AIM OF THE EXERCISE
Everything from the line holding "Set on a cool" to the last line of the material below must be retyped exactly, minus any pictures.

DATASET CONTENT

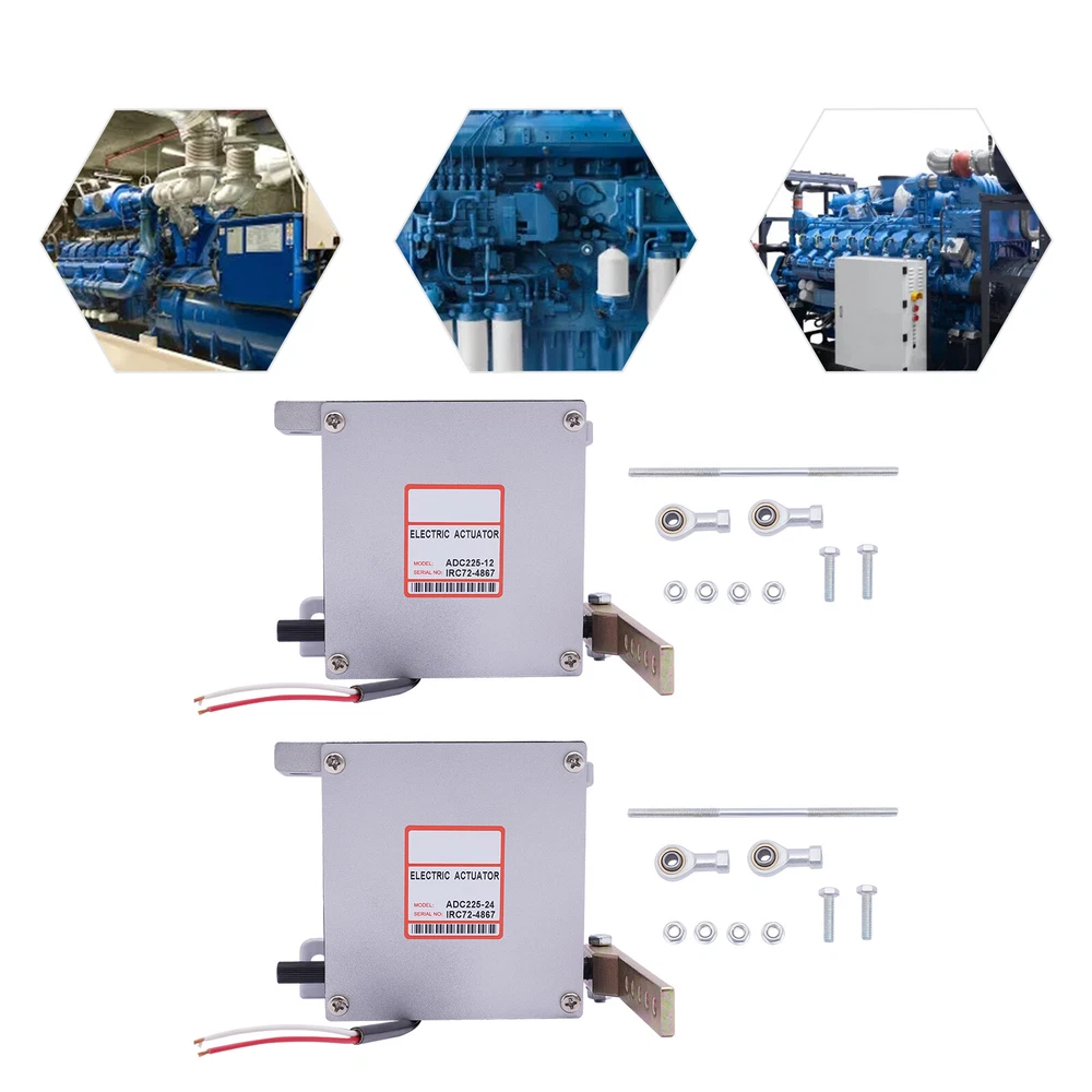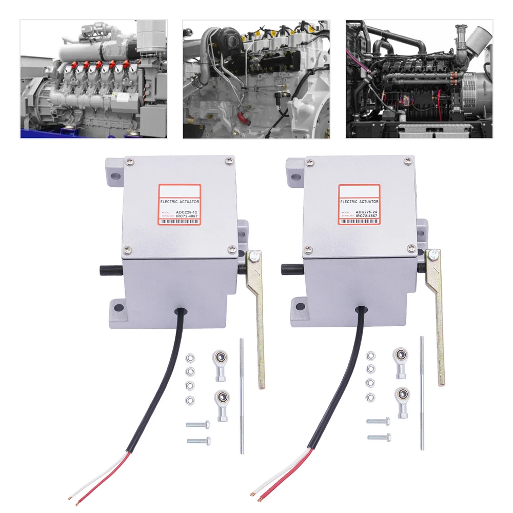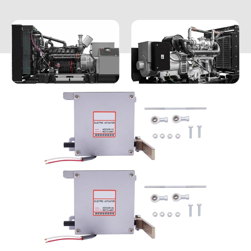 Diesel Engine Generator Actuator External Generator Electric ADC225-12V / 24V 12V/24V Electronic Actuator ADC225-12V/24V For Diesel Generator Parts Description The electronic actuator is made of metal, which is strong and durable. The 225 Series actuator is a rotary output, linear torque proportional electric servo designed for mechanical actuation of fuel system control levers. It is energized by appropriate speed control unit signals and is capable of 25 degrees of rotation. Key Features Adjustable Function: The linkage can be optimized by adjusting for an actuator current difference from no engine load to full engine load of approximately 2 amps/1 amp for 12-volt/24-volt systems. The no-load current is altered by varying the length of the linkage and the range is adjusted by changing the hole used by the rod end bearing on the actuator lever. Lever Design: It allows you to easily push the engine to the maximum full fuel position before starting it, and can smoothly return to the minimum fuel position, so as to achieve safe and stable operation. Strong and Durable: Made of metal with high strength and good rigidity, it can resist wear, corrosion, heat, shock, and deformation, allowing it to be used for a long time. Two Voltages to Choose From: There are two voltages for you to choose from: DC 12V and DC 24V. You can choose freely according to your needs. Complete Installation Tools: The package includes a lot of necessary tools, which can facilitate the installation. Quick Response: Smaller angles of actuator travel may improve transient performance, but will reduce the force available at the fuel control lever. Adjusting the actuator to operate through at least one-half of its stroke (12 degrees) will provide near optimum response. Compact: It is compact ( 5.2*4.3*4.8inch ), so you can easily move it. Protective Packaging: This product comes in a custom foam that resists compression and falls to prevent product damage in transit. Guaranteed Customer Service: We aim to provide quality products and services. If you have problems, please feel free to contact us. We will reply and solve the problem for you as soon as possible. Details Round Corners: The round corners can prevent scratching your hands. Smooth Surface: It has a smooth surface, so you can wipe it with a wet cloth. Application It applies to diesel generator sets. Specification Model: ADC225 Color: Silver Material: Metal Shape: Rectangular Style: Modern Working Voltage: DC 12V, DC 24V Input Current: 0-5A Max. Torque: 3Nm Model: General Feature: Shockproof Working Stroke: 25° Recommended Wire Size of the Cable Harness: (12V) At Least #16 Gauge (1.5mm), (24V) At Least #18 Gauge (1.0mm) Net Weight: 3.5kg/7.7lbs Gross Weight: 3.8kg/8.3lbs Package Size: 19*18*18cm/7.4*7*7inch Product Size: 13.2*10.8*12.1cm/5.2*4.3*4.8inch Working Principle The electromagnetic speed sensor generates an electrical signal that is proportional to the engine speed setting. If the signal is not proportional to the engine speed, the current change from the speed control unit to the actuator will change the magnetic force in the actuator. Then, the rotation of the actuator shaft will adjust the fuel of the engine and make the engine speed equal to the preset engine setting. The shaft rotation is proportional to the actuator current and is balanced by an internal spring. Troubleshooting Red to White (12V) 1.25ohms, Red to White (24V) 5.0 ohms Red to Housing Infinity White to Housing Infinity Energize the actuator to full fuel (follow the steps in the control unit publication) and manually move the actuator through its range. No binding or sticking should occur. If the actuator passes these tests, the problem is elsewhere in the system. Installation The actuator must be rigidly mounted as close as possible to the engine throttle lever. When selecting the mounting location, consideration must be given to possible linkage obstructions. The linkage should be direct, short, and as light as possible. Low-friction rod end bearings should be used throughout the linkage system. The linkage should be adjusted so that the fuel control minimum fuel and maximum fuel stops are used rather than the internal actuator stops. A. Drill the actuator mounting holes in a pre-fabricated mounting bracket. The position of the actuator on the mounting bracket should insure minimal misalignment between each end of the governor system linkage. The linkage ball-bearing rod ends can tolerate a maximum misalignment of 10 degrees. B. Affx the actuator bracket to the selected location on the engine. C. Attach the actuator securely to the mounting bracket. D. Adjust and secure the linkage rod and rod end bearings. For proportional actuators to operate with linear control systems, it is important to obtain a linear relationship between actuator stroke and fuel delivery. Package Included 1* 12V/24V Electric Actuator Other Accessories Notes For diesel fuel systems, the linkage configuration is typically linear. The actuator lever should be nearly parallel to the fuel control lever and perpendicular to the linkage rod at the mid-fuel position. The wiring must be capable of handling typical current levels of 8 amps/4 amps for 12-volt/24-volt systems without experiencing a significant voltage drop. Larger gauge wire will be necessary for cable lengths greater than 10ft. The actuators with 2-pin connectors are prewired for 12V/24V. Use the included harness to connect the actuator to the speed control unit. Upon release, recheck the linkage to insure both the linkage and the levers are securely fastened and that no binding is present. Please allow the slight color difference caused by the shooting light and 1-3cm error due to manual measurement, and make sure you do not mind before ordering. Payment Delivery details Terms of sales About us Contact us Payment We accept ebay payment 。 Fees such as import duties, taxes are not included in the item price or shipping costs. These charges are the buye
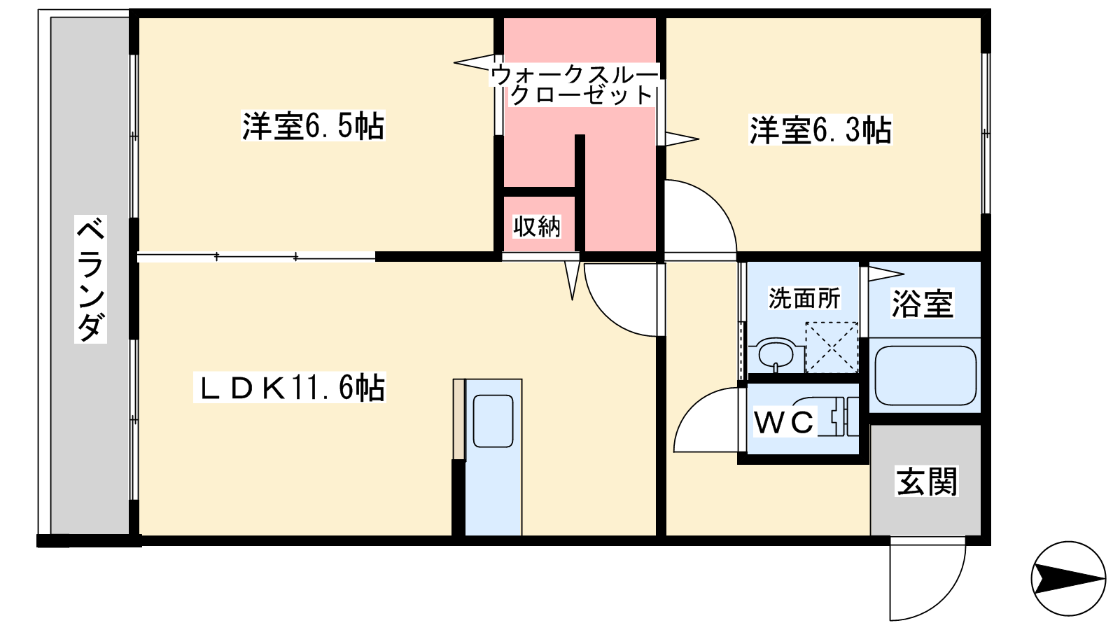 - LDK11.6帖、洋室6.5帖、洋室6.3帖
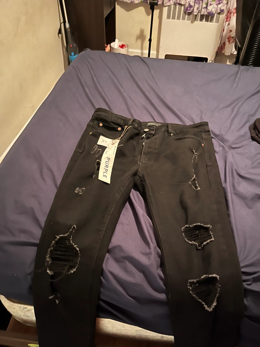 Selling a pair of Purple Brand jeans in black. They feature a cool distressed look. They're in great condition and ready for a new home!
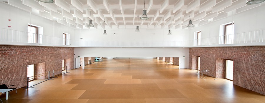 The two exhibition halls of the Conde Duque Cultural Centre face south and west and are located on the ground floor of the South Courtyard. Both halls are new and can be accessed from the Courtyard, while hall 1 is also accessible from the main lobby.
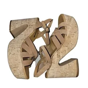 Set on a cool cork sole, these stunning platform sandals are featured in a retro-inspired style and soft suede fabrication with strappy woven details, a thin ankle strap, and towering block heel.
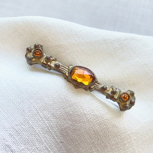 SOLD Vintage/Antique Edwardian/Victorian Brooch, Amber Color Glass Stones

ANSWER SECTION
 Set on a cool cork sole, these stunning platform sandals are featured in a retro-inspired style and soft suede fabrication with strappy woven details, a thin ankle strap, and towering block heel.
 SOLD Vintage/Antique Edwardian/Victorian Brooch, Amber Color Glass Stones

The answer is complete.